Data under study Block Start

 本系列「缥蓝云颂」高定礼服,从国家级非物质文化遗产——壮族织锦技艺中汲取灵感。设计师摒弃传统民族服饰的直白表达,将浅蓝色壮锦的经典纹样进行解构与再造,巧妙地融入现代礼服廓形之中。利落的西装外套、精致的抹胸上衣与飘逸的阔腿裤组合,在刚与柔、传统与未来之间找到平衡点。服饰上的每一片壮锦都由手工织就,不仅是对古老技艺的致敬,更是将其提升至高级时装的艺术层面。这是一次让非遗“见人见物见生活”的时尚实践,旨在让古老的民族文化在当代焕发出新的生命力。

Data under study Block End
Data under study Block Start

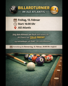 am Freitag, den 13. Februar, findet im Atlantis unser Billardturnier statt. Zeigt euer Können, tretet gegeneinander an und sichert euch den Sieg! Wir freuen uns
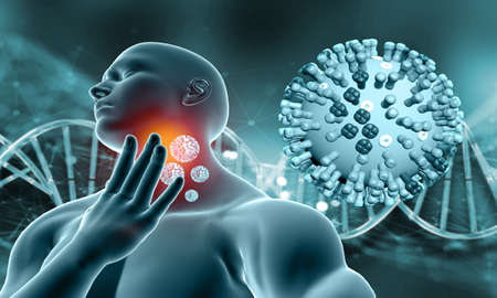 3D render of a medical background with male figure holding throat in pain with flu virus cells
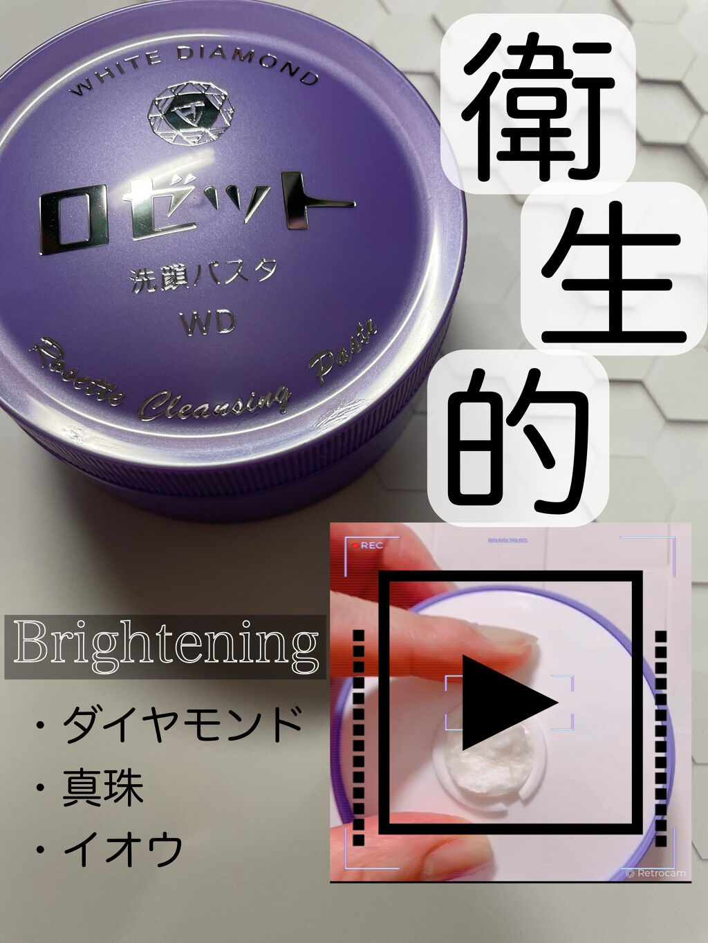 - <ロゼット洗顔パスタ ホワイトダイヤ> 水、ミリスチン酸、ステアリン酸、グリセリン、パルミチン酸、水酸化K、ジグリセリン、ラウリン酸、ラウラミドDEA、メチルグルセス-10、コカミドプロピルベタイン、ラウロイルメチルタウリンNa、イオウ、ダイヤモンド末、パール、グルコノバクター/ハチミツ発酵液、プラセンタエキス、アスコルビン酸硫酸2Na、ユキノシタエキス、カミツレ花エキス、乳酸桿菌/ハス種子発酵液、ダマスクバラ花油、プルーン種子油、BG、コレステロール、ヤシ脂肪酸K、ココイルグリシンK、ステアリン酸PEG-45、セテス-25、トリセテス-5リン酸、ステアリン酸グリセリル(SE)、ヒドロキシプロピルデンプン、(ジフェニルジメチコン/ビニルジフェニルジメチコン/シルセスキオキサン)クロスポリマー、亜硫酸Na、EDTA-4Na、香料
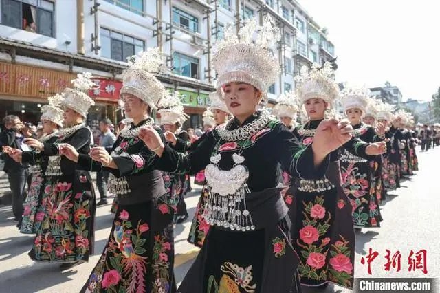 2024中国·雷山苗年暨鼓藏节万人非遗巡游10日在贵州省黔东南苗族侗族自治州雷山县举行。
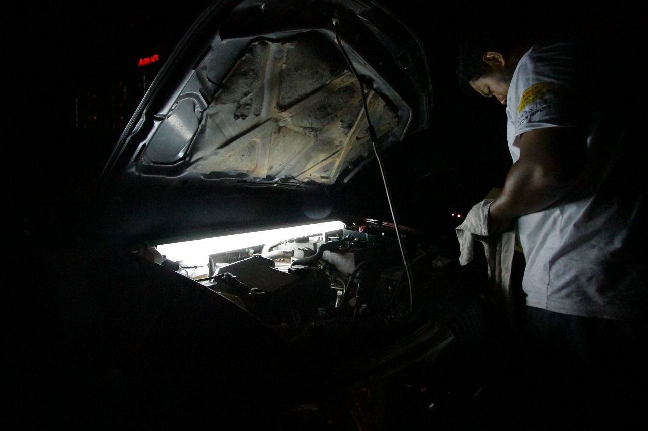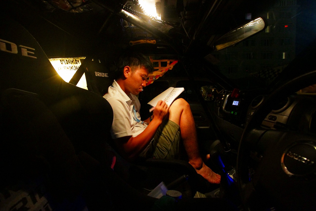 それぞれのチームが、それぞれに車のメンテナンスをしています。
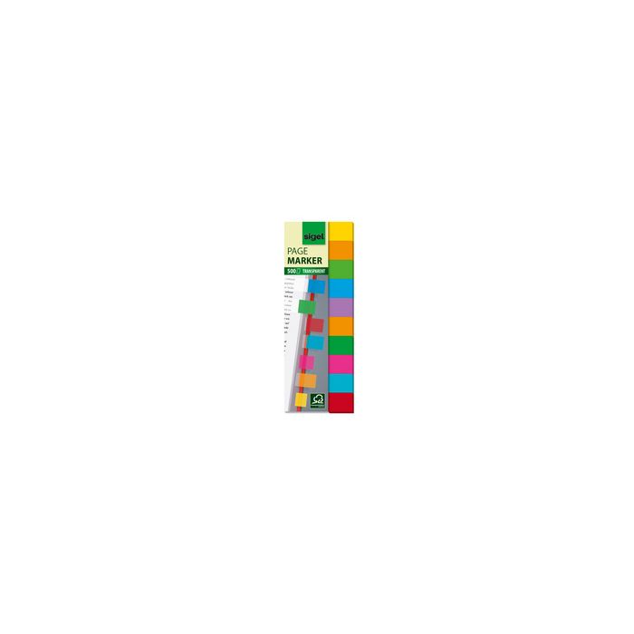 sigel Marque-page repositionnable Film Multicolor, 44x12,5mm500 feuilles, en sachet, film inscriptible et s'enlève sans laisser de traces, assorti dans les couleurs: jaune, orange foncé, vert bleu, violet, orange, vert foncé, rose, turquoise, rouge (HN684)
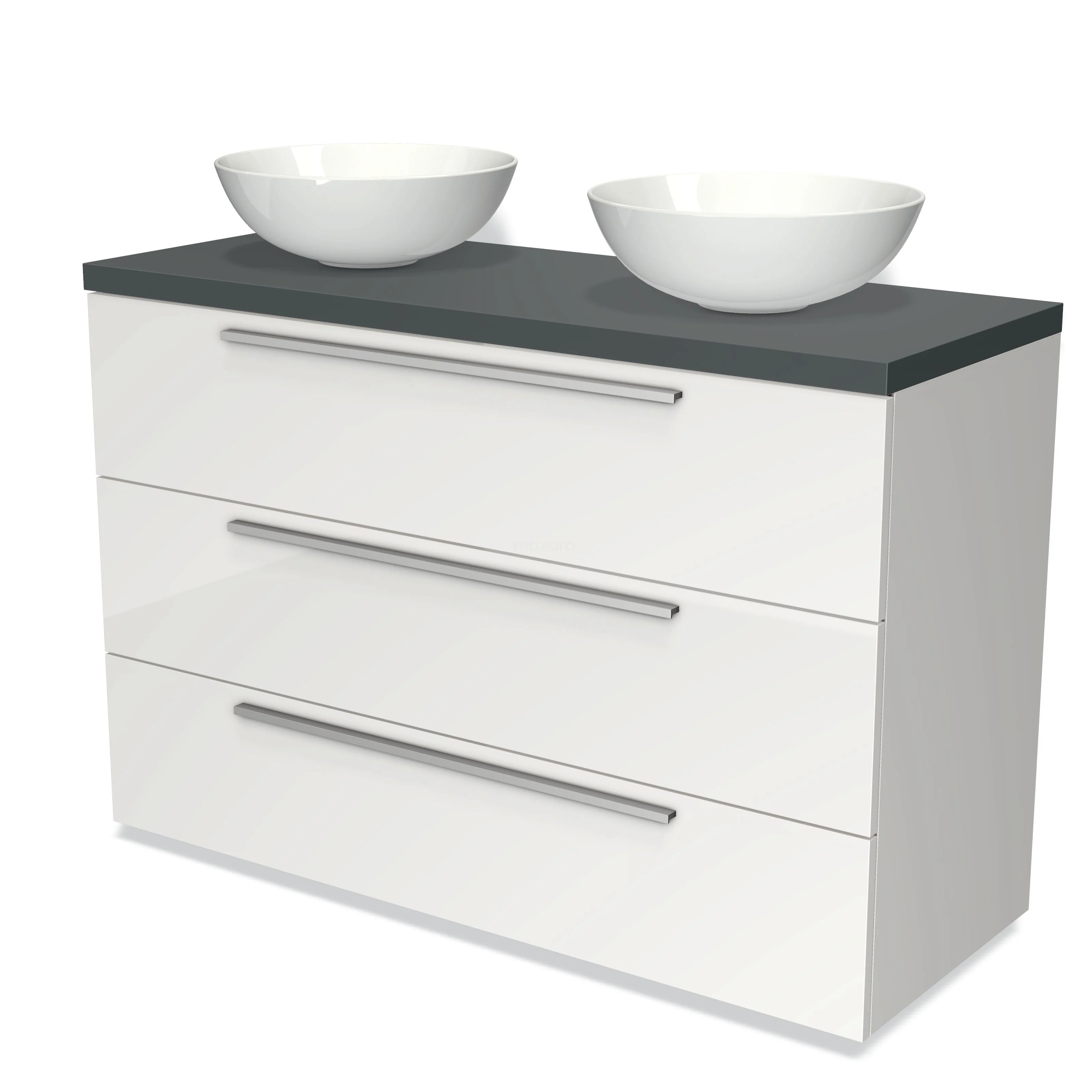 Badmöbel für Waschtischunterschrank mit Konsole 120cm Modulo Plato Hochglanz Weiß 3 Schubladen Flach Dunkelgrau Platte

Data under study Block End
Data under study Block Start

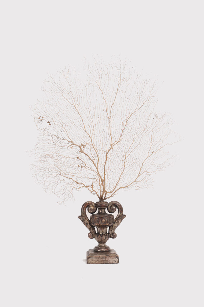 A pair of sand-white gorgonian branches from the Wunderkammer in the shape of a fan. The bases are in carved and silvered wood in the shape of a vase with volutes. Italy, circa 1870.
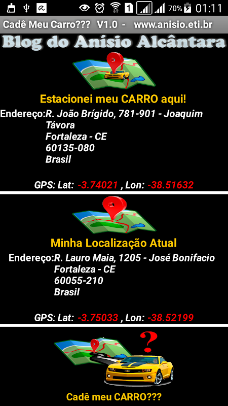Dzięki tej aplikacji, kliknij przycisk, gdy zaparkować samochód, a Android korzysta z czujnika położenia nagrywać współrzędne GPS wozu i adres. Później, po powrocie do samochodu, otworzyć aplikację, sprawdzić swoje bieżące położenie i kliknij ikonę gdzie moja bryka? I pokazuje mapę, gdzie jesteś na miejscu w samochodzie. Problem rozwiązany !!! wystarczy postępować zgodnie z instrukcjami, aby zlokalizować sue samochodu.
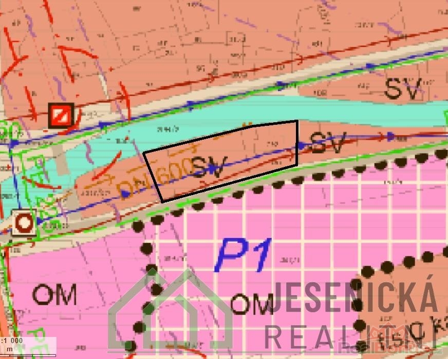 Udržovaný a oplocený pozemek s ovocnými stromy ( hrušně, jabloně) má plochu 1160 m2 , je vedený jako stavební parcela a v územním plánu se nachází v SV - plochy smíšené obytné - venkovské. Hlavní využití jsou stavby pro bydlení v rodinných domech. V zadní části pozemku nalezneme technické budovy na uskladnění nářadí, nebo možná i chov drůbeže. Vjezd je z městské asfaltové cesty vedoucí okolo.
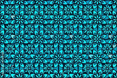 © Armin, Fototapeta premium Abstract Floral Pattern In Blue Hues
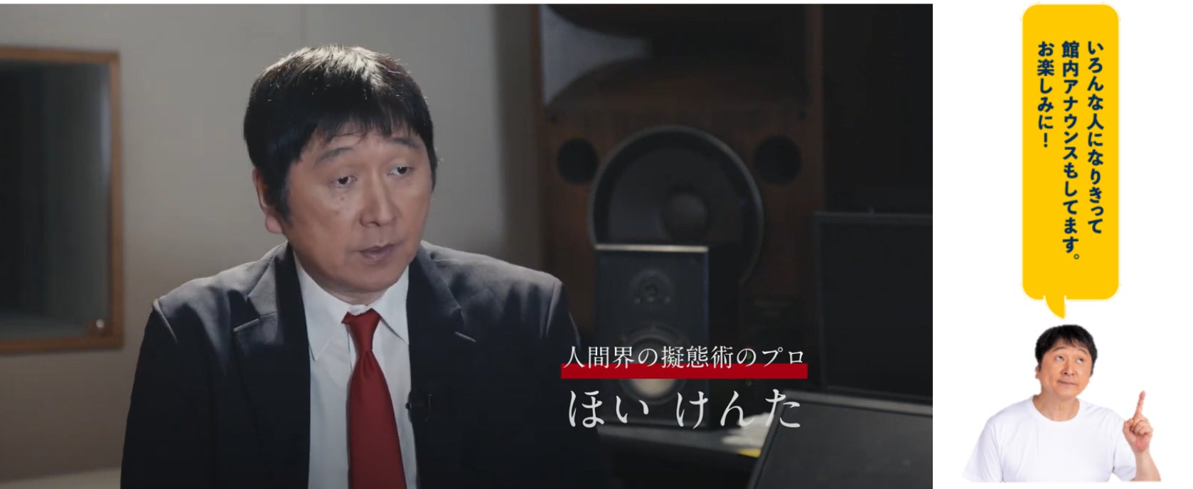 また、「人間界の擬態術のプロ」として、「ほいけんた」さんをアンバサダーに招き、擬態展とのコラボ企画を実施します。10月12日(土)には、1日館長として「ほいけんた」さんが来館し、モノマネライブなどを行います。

Data under study Block End

Task item: Everything from the line with "3D render of" through the line with "- <ロゼット洗顔パスタ ホワイトダイヤ>" in the material above should be transcribed exactly, except the pictures.

The answer:
 3D render of a medical background with male figure holding throat in pain with flu virus cells
 - <ロゼット洗顔パスタ ホワイトダイヤ> 水、ミリスチン酸、ステアリン酸、グリセリン、パルミチン酸、水酸化K、ジグリセリン、ラウリン酸、ラウラミドDEA、メチルグルセス-10、コカミドプロピルベタイン、ラウロイルメチルタウリンNa、イオウ、ダイヤモンド末、パール、グルコノバクター/ハチミツ発酵液、プラセンタエキス、アスコルビン酸硫酸2Na、ユキノシタエキス、カミツレ花エキス、乳酸桿菌/ハス種子発酵液、ダマスクバラ花油、プルーン種子油、BG、コレステロール、ヤシ脂肪酸K、ココイルグリシンK、ステアリン酸PEG-45、セテス-25、トリセテス-5リン酸、ステアリン酸グリセリル(SE)、ヒドロキシプロピルデンプン、(ジフェニルジメチコン/ビニルジフェニルジメチコン/シルセスキオキサン)クロスポリマー、亜硫酸Na、EDTA-4Na、香料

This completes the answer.